**What the exercise asks**
Pictures in the entries below are excluded; copy only the lines from the one containing "十分不巧的笔者胸椎受了点小伤" to the one containing "Olympic bronze medallist", both included.
Records supplied below:
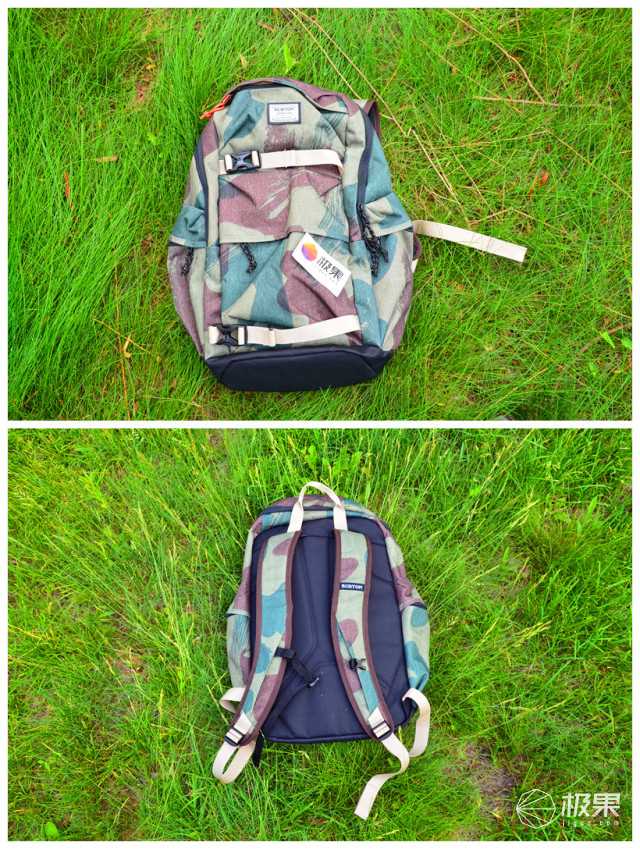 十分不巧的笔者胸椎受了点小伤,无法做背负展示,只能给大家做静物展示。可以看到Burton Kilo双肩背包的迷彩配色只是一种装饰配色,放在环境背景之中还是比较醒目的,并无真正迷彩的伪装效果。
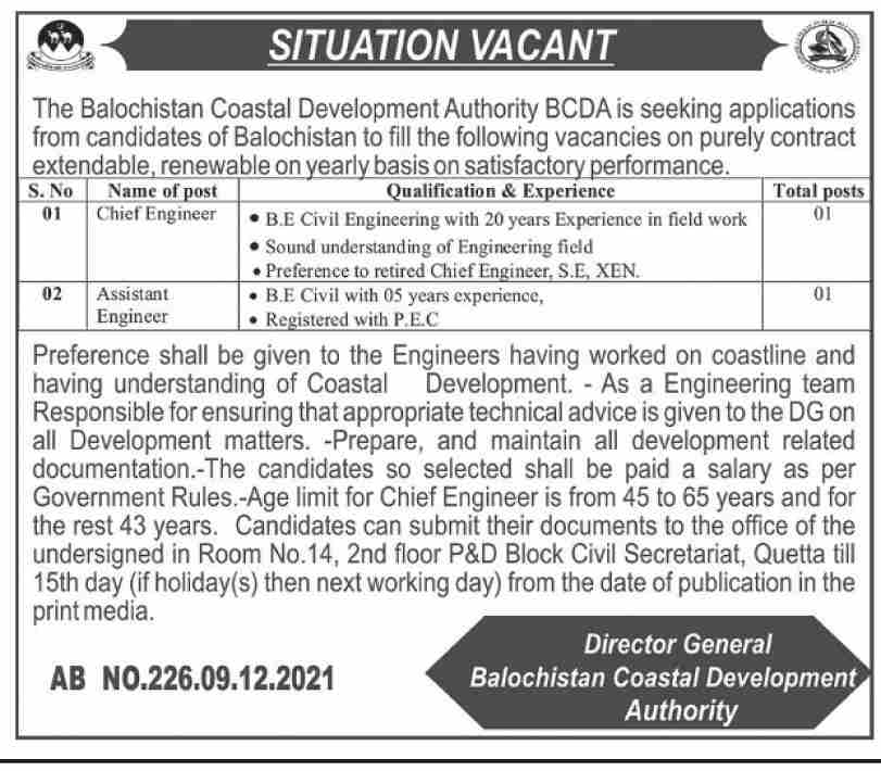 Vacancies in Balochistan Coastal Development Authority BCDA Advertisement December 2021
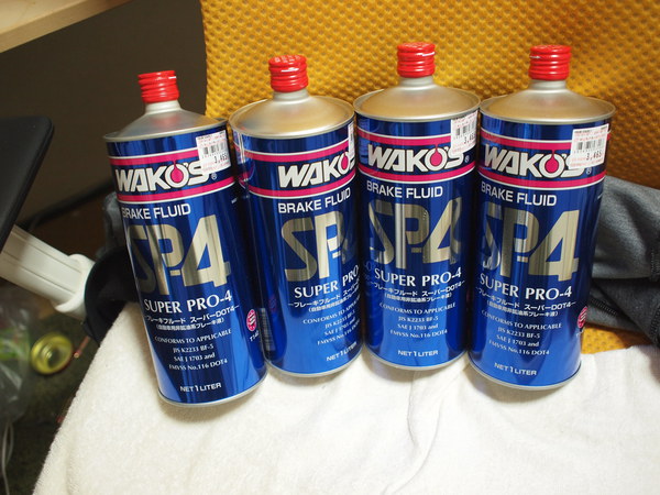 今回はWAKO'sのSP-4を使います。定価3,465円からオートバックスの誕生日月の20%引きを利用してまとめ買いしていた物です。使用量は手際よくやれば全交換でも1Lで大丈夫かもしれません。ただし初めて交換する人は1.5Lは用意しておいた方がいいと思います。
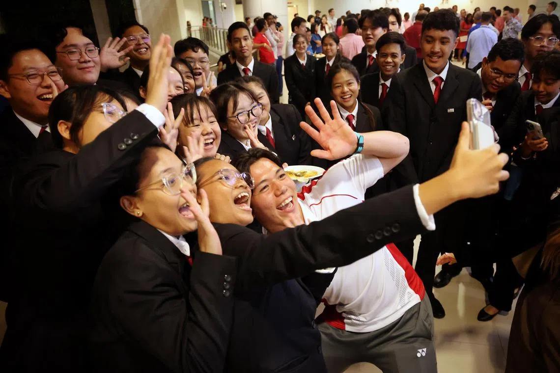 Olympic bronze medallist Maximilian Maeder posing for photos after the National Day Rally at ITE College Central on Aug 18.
End of Records supplied.
Records supplied below:
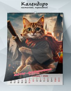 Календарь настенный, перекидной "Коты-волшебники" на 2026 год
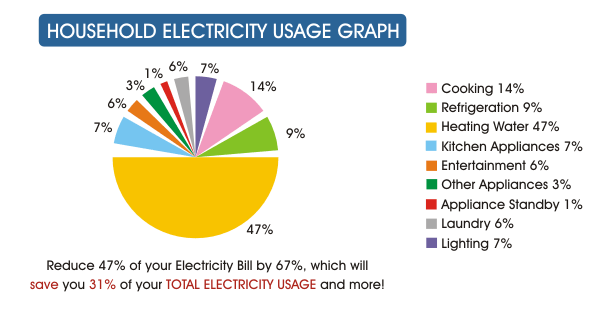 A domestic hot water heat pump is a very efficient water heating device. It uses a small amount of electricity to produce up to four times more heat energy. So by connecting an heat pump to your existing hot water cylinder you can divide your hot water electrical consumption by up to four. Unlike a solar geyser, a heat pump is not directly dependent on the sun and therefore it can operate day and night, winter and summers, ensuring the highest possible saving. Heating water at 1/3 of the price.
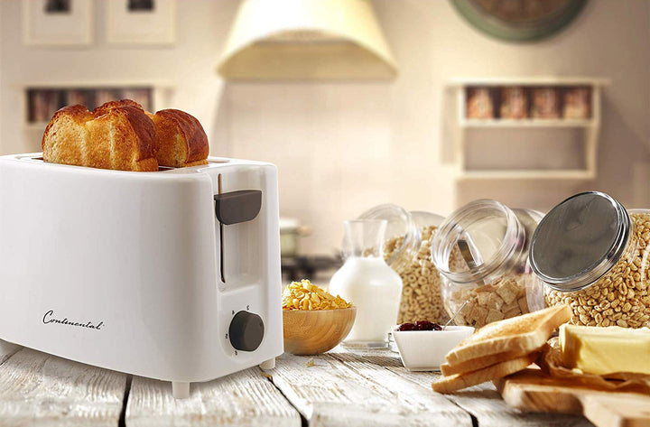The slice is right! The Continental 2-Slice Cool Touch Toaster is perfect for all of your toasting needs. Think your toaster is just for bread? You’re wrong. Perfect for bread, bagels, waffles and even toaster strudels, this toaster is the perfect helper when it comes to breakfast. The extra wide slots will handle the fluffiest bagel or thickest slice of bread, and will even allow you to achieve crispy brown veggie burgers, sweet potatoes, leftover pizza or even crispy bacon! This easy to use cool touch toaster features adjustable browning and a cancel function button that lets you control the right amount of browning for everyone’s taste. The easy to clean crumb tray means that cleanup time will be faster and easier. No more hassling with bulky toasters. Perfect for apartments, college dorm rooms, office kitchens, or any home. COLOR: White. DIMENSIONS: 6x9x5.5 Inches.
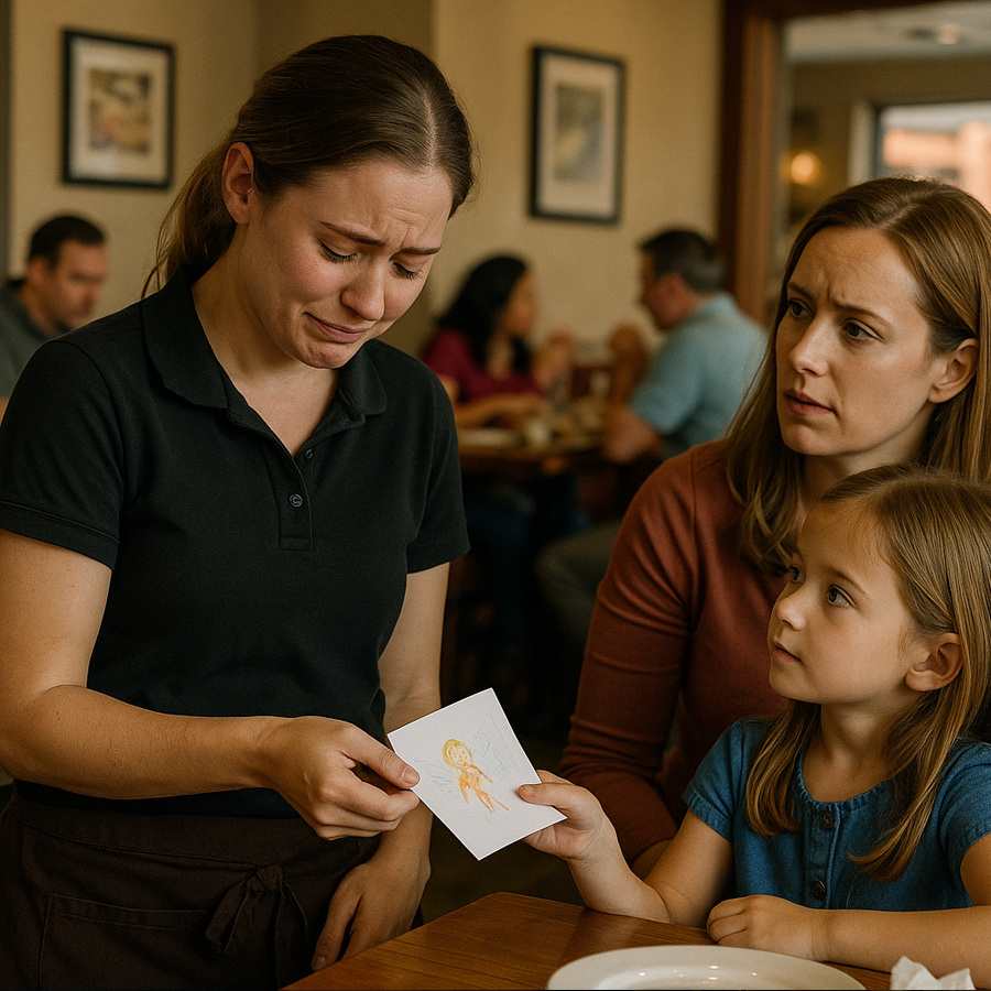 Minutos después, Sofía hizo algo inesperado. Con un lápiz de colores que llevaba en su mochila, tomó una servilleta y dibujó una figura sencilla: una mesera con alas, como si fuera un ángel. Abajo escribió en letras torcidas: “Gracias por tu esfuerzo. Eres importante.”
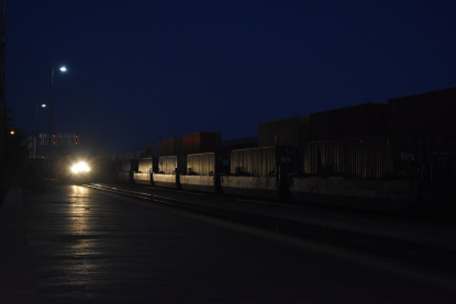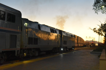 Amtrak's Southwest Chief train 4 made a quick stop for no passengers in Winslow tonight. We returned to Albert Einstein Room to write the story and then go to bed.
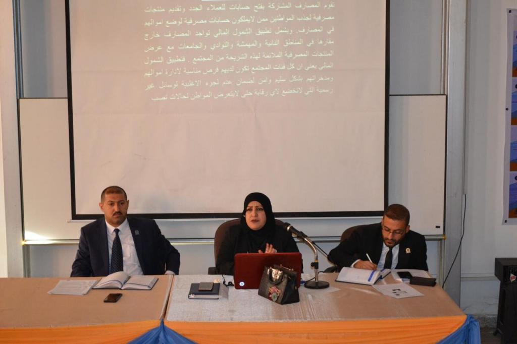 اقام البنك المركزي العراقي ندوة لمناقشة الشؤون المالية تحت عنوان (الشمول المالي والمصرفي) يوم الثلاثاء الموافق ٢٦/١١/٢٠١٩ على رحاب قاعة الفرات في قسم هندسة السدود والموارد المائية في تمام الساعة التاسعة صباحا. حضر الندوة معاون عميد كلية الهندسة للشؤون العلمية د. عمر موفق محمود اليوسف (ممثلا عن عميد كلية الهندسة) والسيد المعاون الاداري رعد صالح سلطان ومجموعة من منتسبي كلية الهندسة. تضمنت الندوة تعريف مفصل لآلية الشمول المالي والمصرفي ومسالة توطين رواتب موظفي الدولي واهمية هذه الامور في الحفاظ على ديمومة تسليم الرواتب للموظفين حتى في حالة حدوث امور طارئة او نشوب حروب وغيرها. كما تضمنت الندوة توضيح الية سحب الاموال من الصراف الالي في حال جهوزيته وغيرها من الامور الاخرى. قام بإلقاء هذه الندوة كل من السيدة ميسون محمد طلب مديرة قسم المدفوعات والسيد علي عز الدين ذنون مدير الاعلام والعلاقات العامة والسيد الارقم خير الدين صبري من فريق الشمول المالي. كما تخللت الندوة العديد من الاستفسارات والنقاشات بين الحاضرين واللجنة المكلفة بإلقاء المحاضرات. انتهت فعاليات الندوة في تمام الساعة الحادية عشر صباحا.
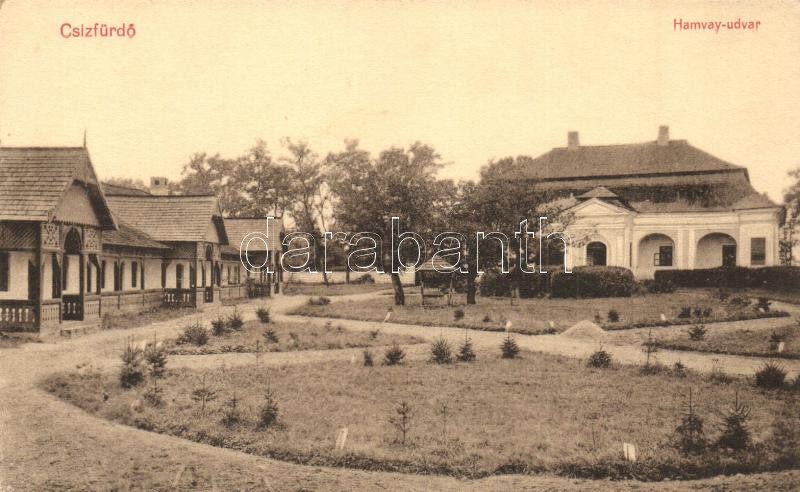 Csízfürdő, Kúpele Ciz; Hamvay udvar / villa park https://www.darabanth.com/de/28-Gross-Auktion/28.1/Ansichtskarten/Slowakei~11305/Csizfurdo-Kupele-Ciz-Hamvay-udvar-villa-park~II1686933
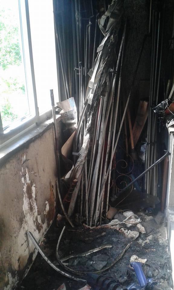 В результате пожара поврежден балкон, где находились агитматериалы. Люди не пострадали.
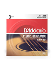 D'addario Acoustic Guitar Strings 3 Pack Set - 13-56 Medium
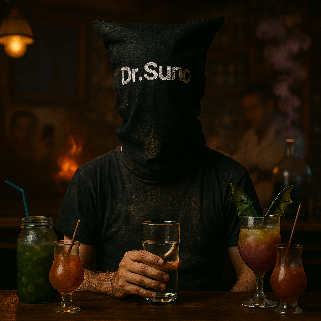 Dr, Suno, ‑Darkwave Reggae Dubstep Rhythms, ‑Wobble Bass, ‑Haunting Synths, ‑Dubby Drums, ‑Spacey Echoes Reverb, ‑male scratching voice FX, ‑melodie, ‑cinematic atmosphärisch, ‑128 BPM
End of Records supplied.
**Solved problem**
 十分不巧的笔者胸椎受了点小伤,无法做背负展示,只能给大家做静物展示。可以看到Burton Kilo双肩背包的迷彩配色只是一种装饰配色,放在环境背景之中还是比较醒目的,并无真正迷彩的伪装效果。
 Vacancies in Balochistan Coastal Development Authority BCDA Advertisement December 2021
 今回はWAKO'sのSP-4を使います。定価3,465円からオートバックスの誕生日月の20%引きを利用してまとめ買いしていた物です。使用量は手際よくやれば全交換でも1Lで大丈夫かもしれません。ただし初めて交換する人は1.5Lは用意しておいた方がいいと思います。
 Olympic bronze medallist Maximilian Maeder posing for photos after the National Day Rally at ITE College Central on Aug 18.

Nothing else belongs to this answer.